In [1]:
import numpy as np 
import pandas as pd 

import matplotlib.pyplot as plt

import os
for dirname, _, filenames in os.walk('/kaggle/input'):
    for filename in filenames:
        print(os.path.join(dirname, filename))

In [2]:
data_df = pd.read_csv('/kaggle/input/testove-int20h-uklon-churn/train.csv')
test_df = pd.read_csv('/kaggle/input/testove-int20h-uklon-churn/test.csv')
sample_submition = pd.read_csv('/kaggle/input/testove-int20h-uklon-churn/Samle_Submission.csv')

In [3]:
data_df.info()

In [4]:
for col in ['Week']:
    data_df[col] = data_df[col].astype('category')

In [5]:
from sklearn.impute import KNNImputer

In [None]:
imputer = KNNImputer(missing_values=np.nan)
features_trans = imputer.fit_transform(data_df.drop(columns=['Id', 'target']))

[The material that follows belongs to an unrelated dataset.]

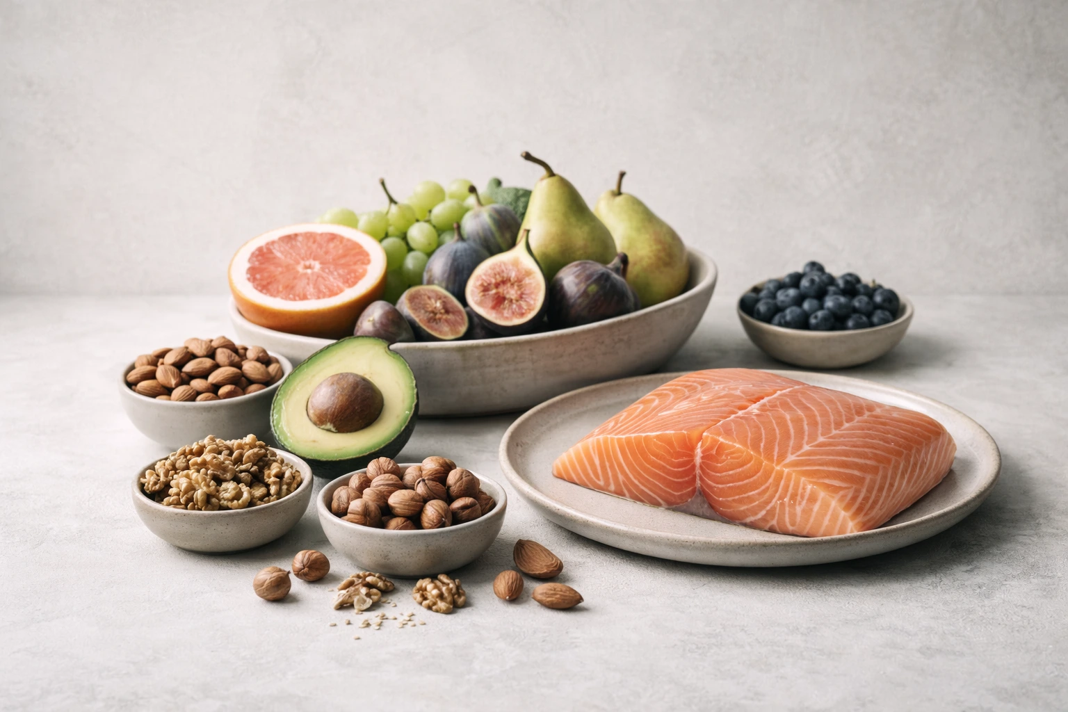 A clean, healthy food composition with fresh ingredients including raw salmon on a wooden board, green vegetables such as broccoli, avocado and green beans, bowls of seeds and nuts, blueberries, kiwi, olive oil and lemon, styled on a bright neutral background.

features_trans = pd.DataFrame(features_trans, columns = data_df.columns[1:-1])
features_trans['Id'] = data_df['Id']
features_trans['target'] = data_df['target']
data_df = features_trans



features_trans_test = imputer.transform(test_df.drop(columns=['Id']))

features_trans_test = pd.DataFrame(features_trans_test, columns = test_df.columns[1:])
features_trans_test['Id'] = test_df['Id']
test_df = features_trans_test

In [None]:
# for col in data_df.columns:
#     plt.title(col)
#     plt.hist(data_df[col].dropna().values.reshape(-1,1))
#     plt.show()

In [None]:
#data_df = data_df[~data_df.V1.isna()].reset_index(drop=True)
#data_df.groupby(['Id']).apply(lambda row: len(row['Week'].unique())).unique()

#100*data_df.isna().sum()/data_df.shape[0]


# for col in data_df.columns:
#     plt.title(col)
#     plt.hist(data_df[col].dropna().values.reshape(-1,1))
#     plt.show()


#print('Unique drivers id', len(data_df.Id.unique()))

In [None]:
from sklearn.model_selection import KFold

N_FOLDS = 5
kf = KFold(n_splits=N_FOLDS, random_state=42)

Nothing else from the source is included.